Material for this task:
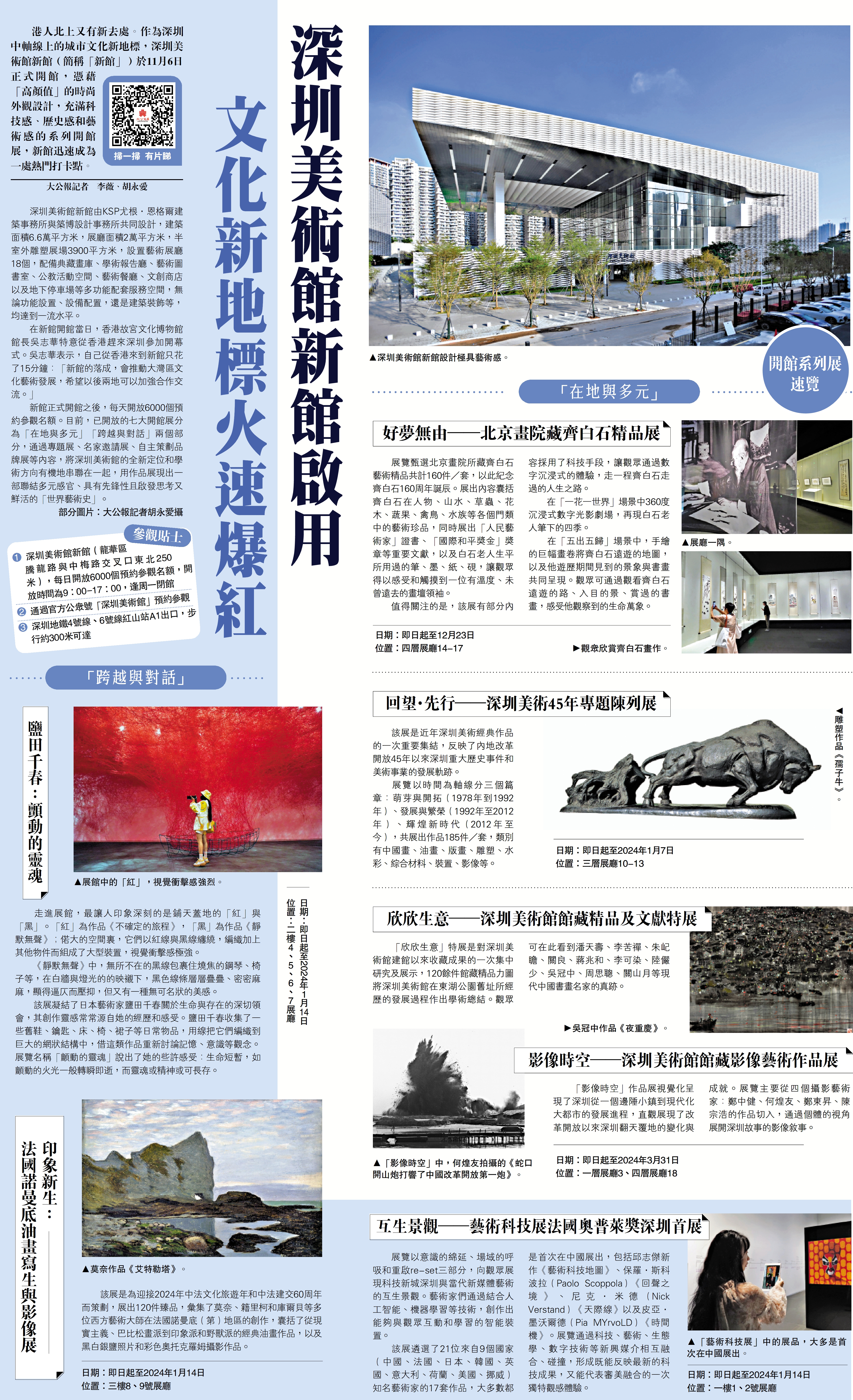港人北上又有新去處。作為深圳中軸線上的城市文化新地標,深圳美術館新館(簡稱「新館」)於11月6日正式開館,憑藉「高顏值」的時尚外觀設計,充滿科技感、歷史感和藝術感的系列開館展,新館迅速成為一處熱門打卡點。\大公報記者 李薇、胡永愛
---
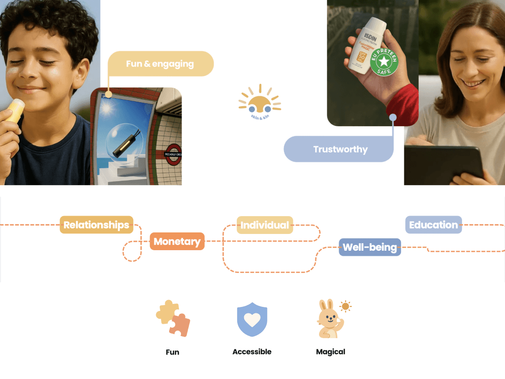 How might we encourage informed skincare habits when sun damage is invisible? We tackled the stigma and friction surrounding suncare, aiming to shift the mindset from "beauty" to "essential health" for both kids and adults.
...
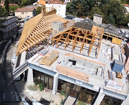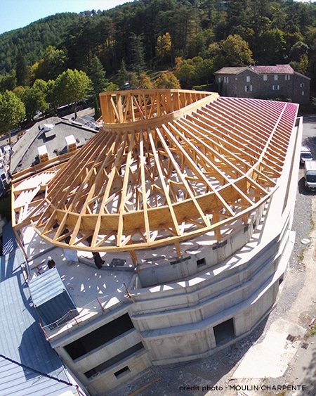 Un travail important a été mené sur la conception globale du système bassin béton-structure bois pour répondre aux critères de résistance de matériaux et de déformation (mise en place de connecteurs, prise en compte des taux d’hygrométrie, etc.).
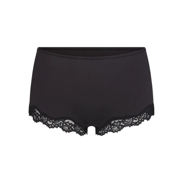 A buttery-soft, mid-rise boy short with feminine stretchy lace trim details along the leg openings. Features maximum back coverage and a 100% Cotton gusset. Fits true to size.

Instructions for the task: With the pictures left out, write out exactly the lines above from the one containing "Un travail important" through the one containing "A buttery-soft, mid-rise".

Your solution:
 Un travail important a été mené sur la conception globale du système bassin béton-structure bois pour répondre aux critères de résistance de matériaux et de déformation (mise en place de connecteurs, prise en compte des taux d’hygrométrie, etc.).
 A buttery-soft, mid-rise boy short with feminine stretchy lace trim details along the leg openings. Features maximum back coverage and a 100% Cotton gusset. Fits true to size.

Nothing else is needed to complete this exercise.